Even if archivists in a particular country were to preserve every record generated throughout the land, they would still have only a sliver of a window into that country’s experience. But of course in practice, this record universum is substantially reduced through deliberate and inadvertent destruction by records creators and managers, leaving a sliver of a sliver from which archivists select what they will preserve. And they do not preserve much.
I like Harris’ notion of the archival sliver, because he doesn’t see it as a cause for despair, but rather as a reason to celebrate the role that this archival sliver has in the process of social memory, and the archivist who tends to it.
The archival record … is best understood as a sliver of a sliver of a sliver of a window into process. It is a fragile thing, an enchanted thing, defined not by its connections to “reality,” but by its open-ended layerings of construction and reconstruction. Far from constituting the solid structure around which imagination can play, it is itself the stuff of imagination.
The First URL
So instead of considering the preservation of billions of URLs, lets change tack a bit and take a look at the preservation of one, namely the first URL.
On April 30th, 1993 CERN made (in hindsight) the momentous decision to freely-release the Web technology software that Tim Berners-Lee, Ari Luotonen and Henrik Nielsen created for making the first website. But 20 years later, that website was no longer available. To celebrate the 20th anniversary of the software release Dan Noyes from CERN led a project to bring the original website back online, at the same address using a completely different software stack. The original content was collected from a variety of places: some from the W3C, some from a 1999 backup of Tim Berners-Lee’s NeXT. While the content is how it looked then, the resurrected website isn’t running the original Web server software, it’s running a modern version of Apache.
In a lot of ways I think this work illustrates James Governor’s adage:
Applications are like fish, data is like wine. Only one improves with age.
As any old school LISP programmer will tell you, sometimes code is data and data is code. But it is remarkable that this 20 year old HTML still renders just fine in a modern Web browser. This is no accident, but is the result of thoughtful, just-in-time design that encouraged the evolvability, extensibility and customizability of the Web. I think we as a community still have lots to learn from the Web’s example, and lots more to import into our practices. More about HTML in a bit.
Now obviously this sort of attention can’t be paid to all broken URLs on the Web.
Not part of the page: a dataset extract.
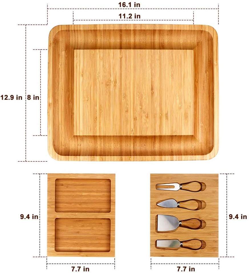 Bamboo Cheese Board with Cheese Tools for Wine Cracker Brie and Meat
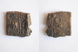 | Description / विवरण | On the obverse tree in railing in front of bull and above bull dhwaj, on left side Shiva standing with staff, in right hand left portion if out of flan. On the reverse one orbed Ujjayani symbol. In between two orb makar is depicted. |

But it seems like an interesting example of how an archival sliver of the Web was cared for, respected and valued. Despite popular opinion, the care for URLs is not something foreign to the Web. For example lets take a look at the idea of the permalink that was popularized by the blogging community. As you know, a blog is typically a stream of content. In 2000 Paul Bausch at Blogger came up with a way to assign URLs to individual posts in the stream. This practice is so ubiquitous now it’s difficult to see what an innovation it was at the time. As its name implies, the idea of the permalink is that it is stable over time, so that the content can be persistently referenced. Apart from longevity, permalinks have beneficial SEO characteristics: the more that people link to the page over time, the higher its PageRank, and the more people who will find it in search results.
A couple years before the blogging community started talking about permalinks, Tim Berners-Lee wrote a short W3C design note entitled Cool URIs Don’t Change. In it he provides some (often humorously snarky) advice for people to think about their URLs, and namespaces with an eye to their future. One of Berners-Lee’s great insights was to allow any HTML document to link to any other HTML document, without permission. This decision allowed the Web to grow in a decentralized fashion. It also means that links can break when pages drift apart, and move to new locations, or disappear. But just because a link can break doesn’t mean that it must break.
The idea of Cool URIs saw new life in 2006 when Leo Sauerman and Richard Cyganiak began work on Cool URIs for the Semantic Web, which became a seminal document for the Linked Data movement. Their key insight was that identity (URLs) matters on the Web, especially when you are trying to create a distributed database like the Semantic Web.
Call them permalinks or Cool URIs, the idea is the same. Well managed websites will be rewarded by more links to their content, improved SEO, and ultimately more users. But most of all they will be rewarded by a better understanding of what they are putting on the Web. Organizations, particularly cultural heritage organization should take note – especially their “architects”. Libraries, archives and museums need to become regions of stability on the Web, where URLs don’t capriciously fail because some exhibit is over, or some content management system is swapped out for another. This doesn’t mean content can’t change, move or even be deleted. It just means we need to know when we are doing it, and say where something has moved, or say that what was once there is now gone. If we can’t do it, the websites that do will become the new libraries and archives of the Web.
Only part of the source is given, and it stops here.